Canonical links of Hive posts and duplicate content

in #seo4 years ago (edited)

Canonical links can be used when the same content is available through different links. On the Hive chain, the same content can be viewed through several frontends. Normally, the frontend which is used to write the post will set the app/canonical_url field in the json-metadata field to itself. There is an agreement between all hive frontends to set the canonical URL in the same way based on these both parameters.

E.g. when writing a post with peakd, the app parameter is set to peakd and all hive front-ends will use a canonical URL starting with https://peakd.com.

Using a canonical url such that all frontends use the same canonical url helps search engines to

  • indicate which front-end should be shown in search results
  • validate that there is no duplicate content

When a frontend is not doing this, the search-engine decides on various metrics which frond-end should be shown.

Let's check this on my post howto-to-use-beempy-for-cold-transaction-signing, which I wrote with the peakd-frontend.

Searching with google

When entering some text from my post into google search, I receive the following result:
image.png

Google.com returns only a link to the hive.blog frontend. This is strange as the canonical link points to the peakd.com site.
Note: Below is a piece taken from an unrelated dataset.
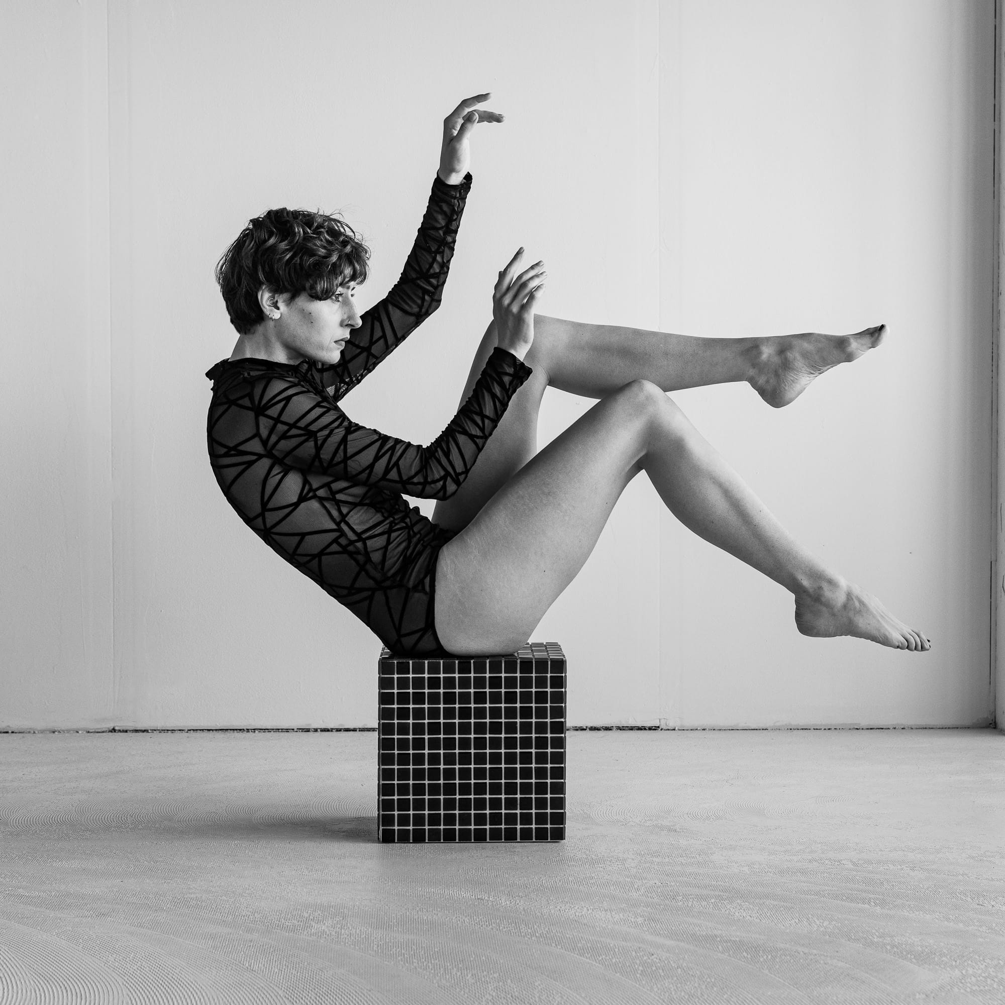 Today's look precedes that one and Emma Helena decided to pair her sheer patterned body with the smaller black tiled cube.

Check for duplicate content

I'm using the duplicate content checker from seoreviewtools

I will check my post for duplicate content:

image.png

Two sites are identified as duplicate content:
image.png

Frontends with wrong canonical links

It seems that @busy.org and @steem.leo did not use the correct canonical link. It seems they busy.org still works. As busy.org is using anyx.io as RPC-node, it is showing hive content now.

Check for canonical links

I'm using seoreviewtools for checking the canonical links of several hive frontends:

image.png

image.png

Results

hive.blog, peakd.com and esteem.app are using the correct canonical link, whereas

are not pointing to peakd. https://leofinance.io is even using steemit.com as canonical link.

@steemstem, @steem.leo and @busy.org could you please fix your canonical links? That would be great! You can find the standard for hive apps here: https://github.com/ledgerconnect/hivescript

Canonical URLs on blog posts written before the hive fork

I wrote a python script to set canonical link for all blog posts written before the hive fork. You can find it here: How to fix canonical URLs and links in your pre-fork posts

Currently the same content is available in the HIVE and the STEEM blockchain. Blog posts written before the fork are well not handled by the front-ends and each front-end shows a different canonical link.

The python script lets the user decide which blockchain and which frontend should be used and broadcast the choice by setting canonical_url to the blockchain.

Sort:  

Thanks for doing the research on this @holger80. We're working on a fix now 🦁

Posted using LeoFinance

Update, should be good now :)

image.png

image.png

Posted Using LeoFinance

As I wrote https://leofinance.io/seo/@holger80/canonical-links-of-hive-posts-and-duplicate-content on peakd.com,the canonical URL should point to peakd.com and not to hive.blog.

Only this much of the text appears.